Любопытные вещи напрашиваются из сравнения трактовок Цеем и Пикассо сходных тем, особенно в женской модели, мы ещё к этому вернёмся. В «Гернике» у Пикассо апофеоз в смерти и разрушения, руины. Кроме «ковбоя» в центре живых человеческих лиц там нет, и планеты больше нет, холст вибрирует одним вселенским предсмертным воплем. В своей записи «Герники» Цей Землю нам возвращает, вводя в этот гибельный хаос плачущую Мадонну – как символ надежды на спасение и избавления от зла.

И всё же в мироощущениях обоих есть что-то общее. А в ремесле, в мастерской, общего у них наверное больше, чем различий. Обоих отличал свободный подход к натуре, модели, сюжету, они делали здесь, что хотели. Не было у них проблем ни с материалом, в котором работали, ни с художественными решениями. Это нам их заключения могут показаться то слишком смелыми, то невероятными, эскападой, чуть ли не вызовом. Нам нужно успокоиться. Для них это была рутинная среда, привычная среда, из которой следовал выплеск. И чтобы их понять, нам надо дорасти хотя бы до их рутины.

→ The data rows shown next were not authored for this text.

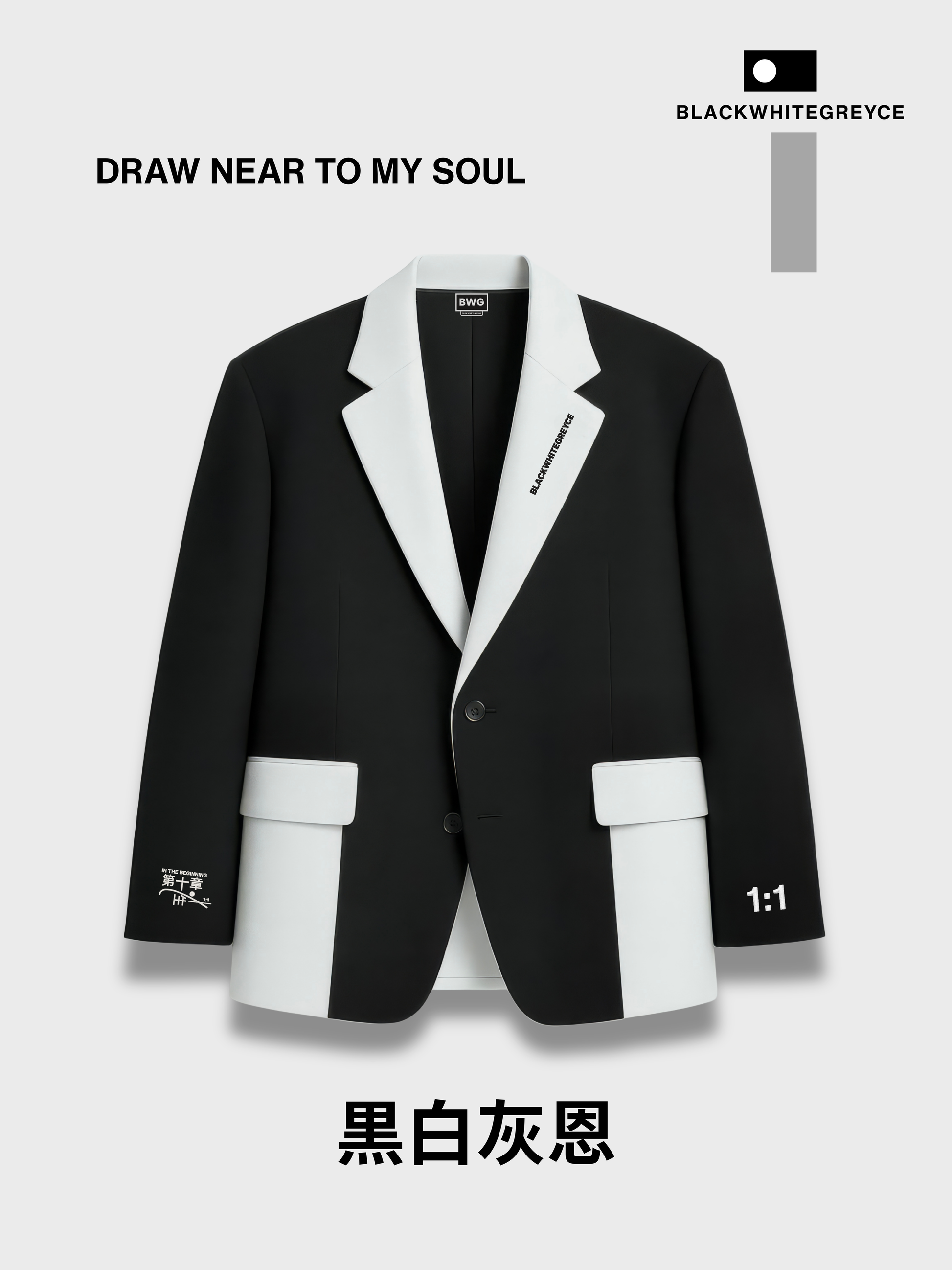 - Front: Embroidered BLACKWHITEGREYCE along the right lapel in clean satin-stitch. On the sleeve, the mark 1:1 stands opposite IN THE BEGINNING rendered in Japanese embroidery — the intersection of origin and unity.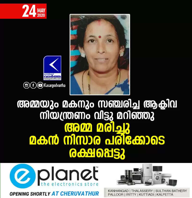 അമ്മയും മകനും സഞ്ചരിച്ച ആക്ടിവ നിയന്ത്രണം വിട്ടു മറിഞ്ഞു; അമ്മ മരിച്ചു, മകന്‍ നിസാര പരിക്കോടെ രക്ഷപ്പെട്ടു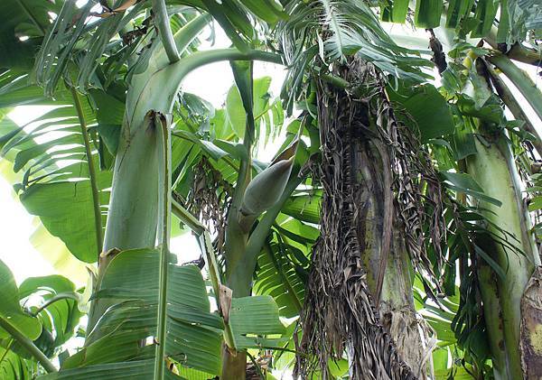 芭蕉樹高收摘時由樹幹中間切開放倒,半截殘株保留希望其莖幹水養份供應其仔株,照理其已無生長點會慢慢枯竭腐爛,居然有一桿抽芽發一小葉就長花蕾,只是二度蕾極瘦弱,讓它去長看有何結果。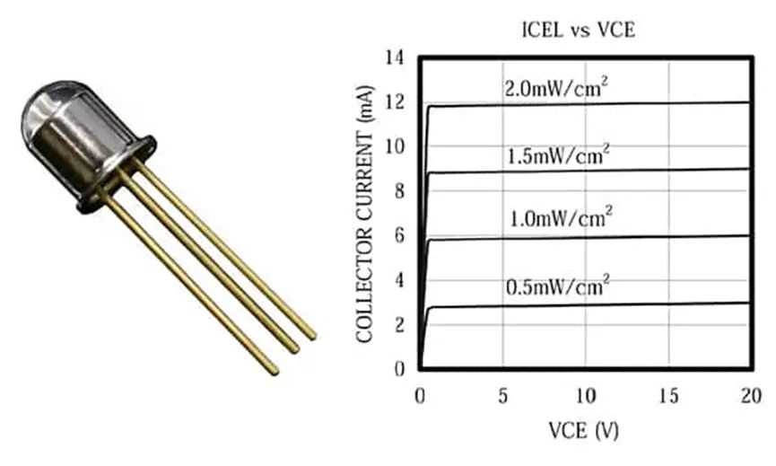 这种光电晶体管采用带有透明圆顶的金属封装罐。该图说明集电极电流是以光辐照度为参数的集电极至发射极电压的函数。由于晶体管的电流放大作用,集电极电流明显高于光电二极管中的电流。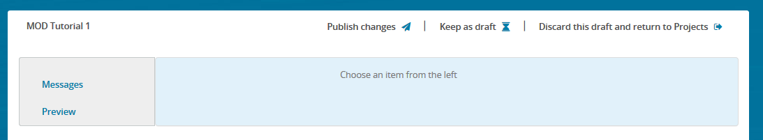 | Publish changes | Publishes the current draft so it will be available for use. Draft versions are not available for use. | Publish a draft project (MOD projects only) |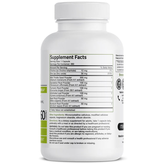 Bronson Liver Detox Advanced Detox & Cleansing Formula Supports Health Liver Function with Milk Thistle, Dandelion Root, Turmeric, Artichoke Leaf & More, Non-Gmo, 360 Vegetarian Capsules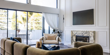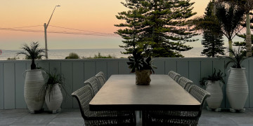 Welcome to La Dolce Vita, an exquisite two-story retreat on Sydney's Northern Beaches, seamlessly blending island colonial charm with modern Australian coastal elegance. Inside, natural light floods the expansive interior, highlighting the grand spiral staircase crowned by a circular skylight. The open-plan second-floor living area boasts high raked ceilings, triangular highlight glazing, and sliding doors opening to a balcony with ocean views. A Calacatta Viola marble fireplace and wainscoting add sophistication. The property caters to entertainment and relaxation with amenities like a bold green and white striped magnesium swimming pool, home gym, sauna, and outdoor golf cage. The chef's kitchen features Calacatta Viola marble countertops and a butler's pantry, perfect for culinary scenes. With four luxurious bathrooms including a primary ensuite with a double shower and skylight, a second bathroom with a Tiffany blue palette and egg bath, all of which feature natural stone throughout. This property combines island colonial and coastal styles with European-inspired details, creating an inviting atmosphere. Ideal for filming, photography and events, it offers versatile settings from intimate indoor scenes to outdoor sequences overlooking the ocean.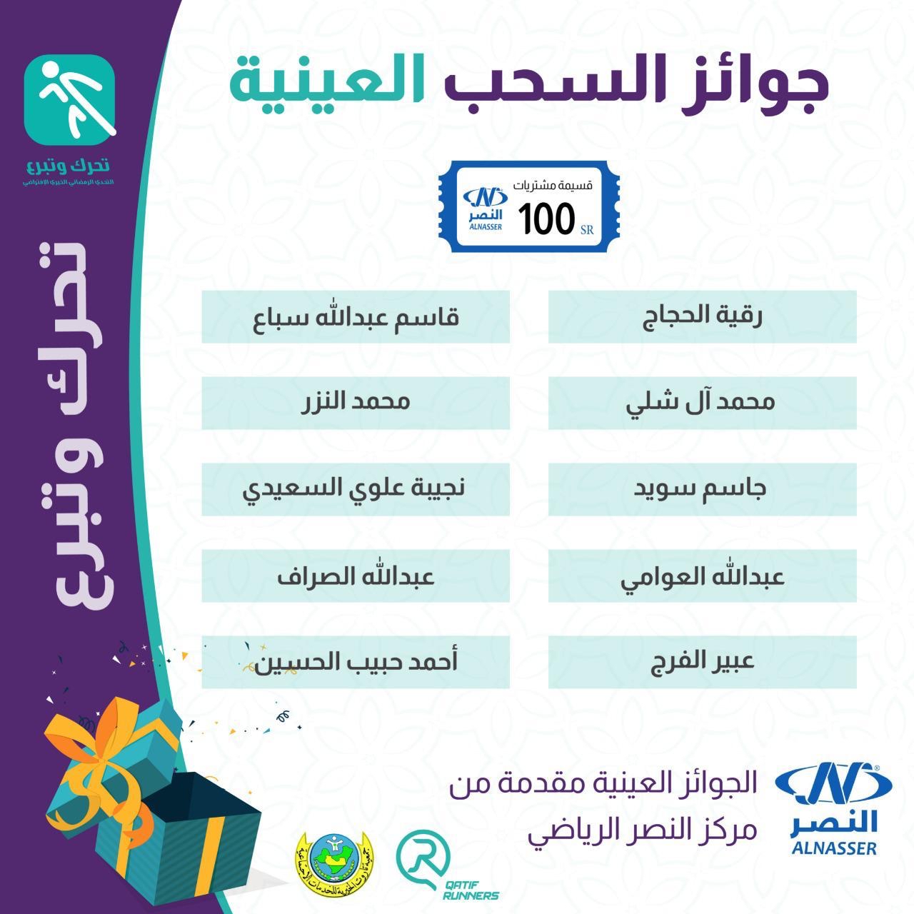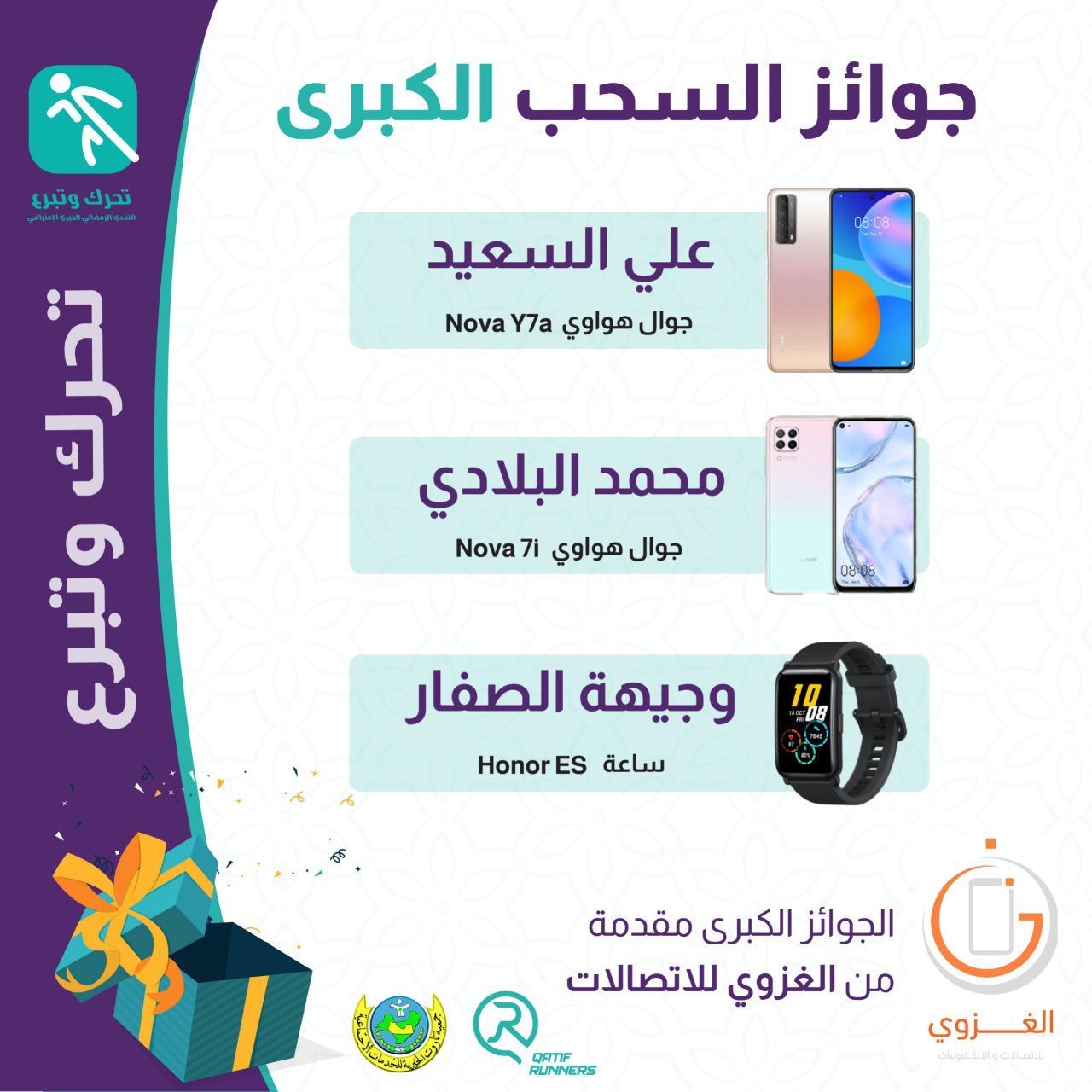 واضاف في ختام الفعالية وزعت مجموعة جوائز قيمة من الرعاة الكرام للفائزين من الرجال والسيدات والاطفال الذين قطعوا مسافات اطول، وتعددت الجوائز بين اجهزة جوال وساعات ذكية وكوبونات مشتريات وجوائز عينية، مضافا لشهادات الشكر الالكترونية التي قدمت لكافة المشاركين والمشاركات في ذات الفعالية.

Несомненно, Цей обязан Пикассо — и как неординарной личности, и как старшему собрату по ремеслу, в ком он находил понимание и подтверждение собственной правоты в своих собственных поисках.

Пикассо велик, все это знают. Цея, по сути, не знает никто. Не торопитесь обвинять меня в дерзости за то, что я поставил рядом два этих имени. Смотрите и судите сами, здесь репродукции, оригиналы, уверяю Вас, мощнее. Я думаю, они оба в сильной степени повинны в том, что называют гениальностью.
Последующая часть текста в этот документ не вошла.